Therefore, ethical intervention’s key is not to prohibit AI use but to establish clear boundaries, ensuring technology enhances human decision-making rather than undermining it.
2.6. Empathy and loss of humanity
AI’s expanding use in mental health, especially in emotional support and counseling, marks “empathy” functionality as a technical milestone. AI “empathy” typically refers to affective computing technologies that utilize multimodal data—voice, text, facial expressions—to identify users’ emotional states and provide appropriate feedback, creating an illusion of empathetic interaction [5]. However, ethical and psychological reflection reveals that AI-simulated “empathy” conceals its fundamental non-human nature and may produce a dangerous “ethical illusion.” Users might mistakenly treat AI as a trustworthy emotional attachment, causing misguidance and risks [17].

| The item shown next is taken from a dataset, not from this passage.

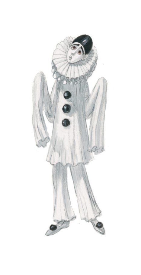 Из-за картонного дерева появился маленький человечек в длинной белой рубашке с длинными рукавами. Его лицо было обсыпано пудрой, белой, как зубной порошок.

First, AI’s empathy is entirely algorithm-driven, mechanically recognizing and responding to emotional signals. Although technology can accurately capture multi-layered emotional features such as semantics, tone, and facial expressions, AI lacks genuine emotional experience and subjective perception. It cannot “feel” pain, anxiety, or joy like humans, nor comprehend the complex socio-cultural contexts and personal life histories behind emotions [18]. In other words, AI’s so-called “empathy” is only the result of information processing and pattern matching, devoid of emotional understanding [5]. This fundamental difference between technological essence and human emotion means AI empathy lacks intrinsic motivation and value recognition.
Second, the widespread promotion of affective computing in mental health easily generates “ethical illusions,” where users mistakenly believe AI feedback possesses empathy quality and humane care equivalent to human counselors [17].
Psychologically, genuine empathy is a product of complex interpersonal interaction, including cognitive empathy (understanding others’ feelings) and affective empathy (sharing feelings) [7]. AI only infers emotions based on text and achieves preliminary cognitive empathy relying on statistical models, lacking humans’ intuition and inner experience of empathy [5]. This deficiency may come across as mechanistic, emotionally detached, or ineffectual when dealing with complex psychological distress, cultural differences, and value conflicts, failing to meet users’ deep psychological needs.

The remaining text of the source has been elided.